Hi Mike
On Fri, 2012-09-14 at 15:11 -0700, Mike wrote:
> I have my string field index_analyzed with nGrams, and I can't seem to
> get phrase matching using " " in my search text to work. Other things
> like fuzzy matching with ~, combining words with && and ||, boosting
> with ^ work fine though. Am I doing something wrong, or does phrase
> matching not work with ngrams?
Phrase matching does work with ngrams, but: there is a long-standing bug
in the edge-ngram analyzer in lucene which outputs different token
positions to the standard tokenizer.
So if you analyze the field with edge-ngrams and you do a phrase-search
on the field using the SAME analyzer, then it will work.
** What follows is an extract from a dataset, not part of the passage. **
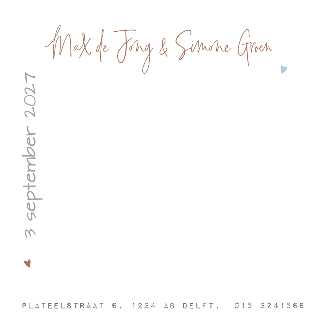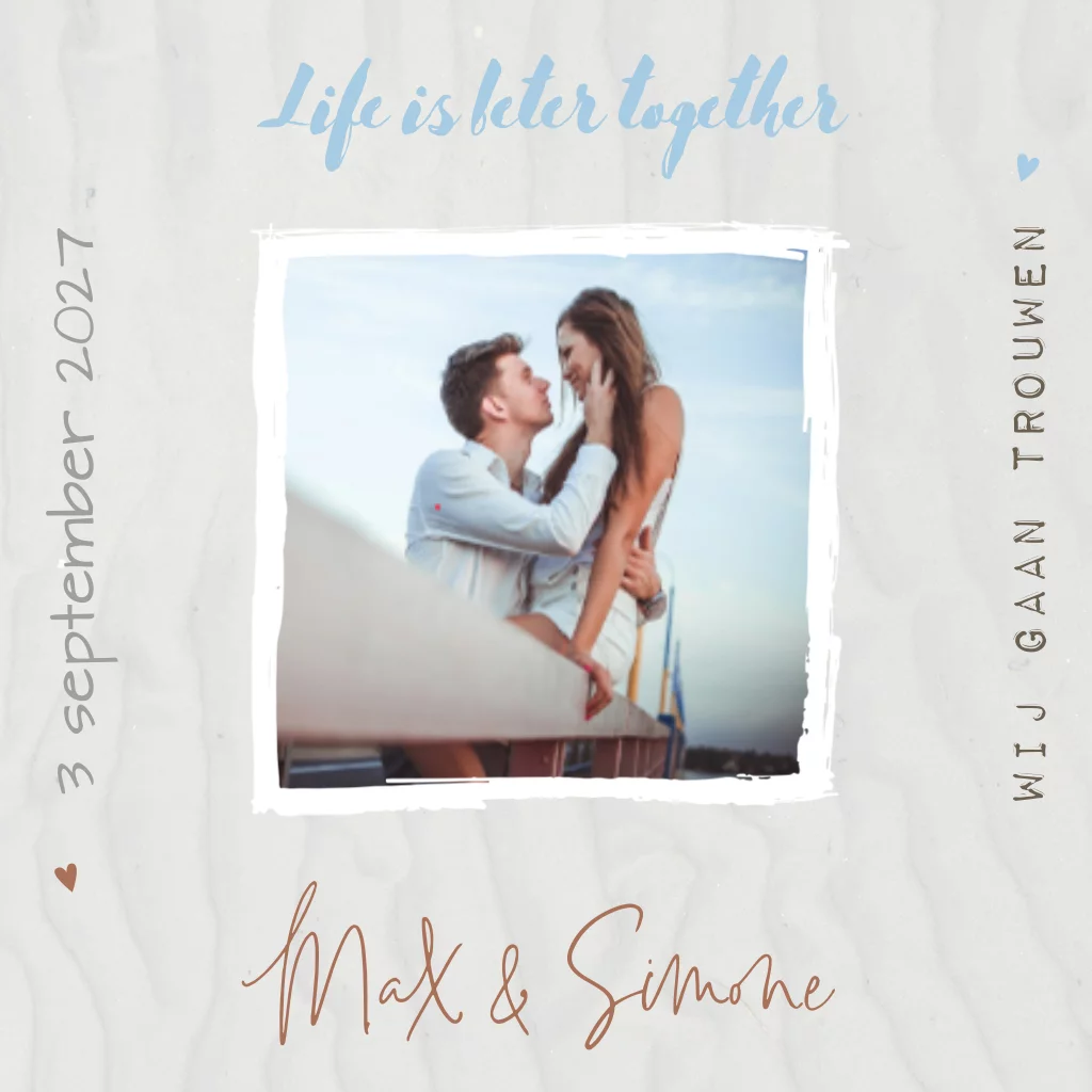 Een hippe trouwkaart met ruimte voor een eigen foto. Op de achtergrond van de kaart staat zand. Een geweldige trouwkaart voor een bruiloft in thema zon zee en strand. (21047)

But you are
using the standard tokenizer at search time, not the edge-ngram
tokenizer.
clint
>
> My mapping:
> "properties" : {
>
> "myquery" : {
>
> "type" : "multi_field",
>
> "fields" : {
>
> "myquery" : { "type" : "string",
> "index_analyzer" : "myAnalyzer", "search_analyzer" : "myAnalyzer2" },
>
> "myqueryUntouched" : { "type" : "string",
> "index" : "not_analyzed" }
> }
>
> },
> ...
>
> My settings:
> "analysis" : {
>
> "analyzer" : {
>
> "myAnalyzer" : {
>
> "tokenizer" : "standard",
>
> "filter" : ["standard", "lowercase", "stop",
> "myNGram"]
> },
>
> "myAnalyzer2" : {
>
> "tokenizer" : "standard",
>
> "filter" : ["standard", "lowercase", "stop"]
>
> }
>
> },
>
> "filter" : {
>
> "myNGram" : {
>
> "type" : "nGram",
>
> "min_gram" : 1,
>
> "max_gram" : 8
>
> }
>
> }
>
>
> My query:
> "query":{
> "query_string":{
> "default_field":"myquery",
> "default_operator":"AND",
> "query":"\"ibm eps\""
> }
> }
>
>
> If I remove the escaped " ", I get many results as I expect, like:
> ibm eps
> ibm q2 eps
> ibm 2001 eps
>
> If someone adds " " though I want only the ibm eps results.
>
> --
>
>
--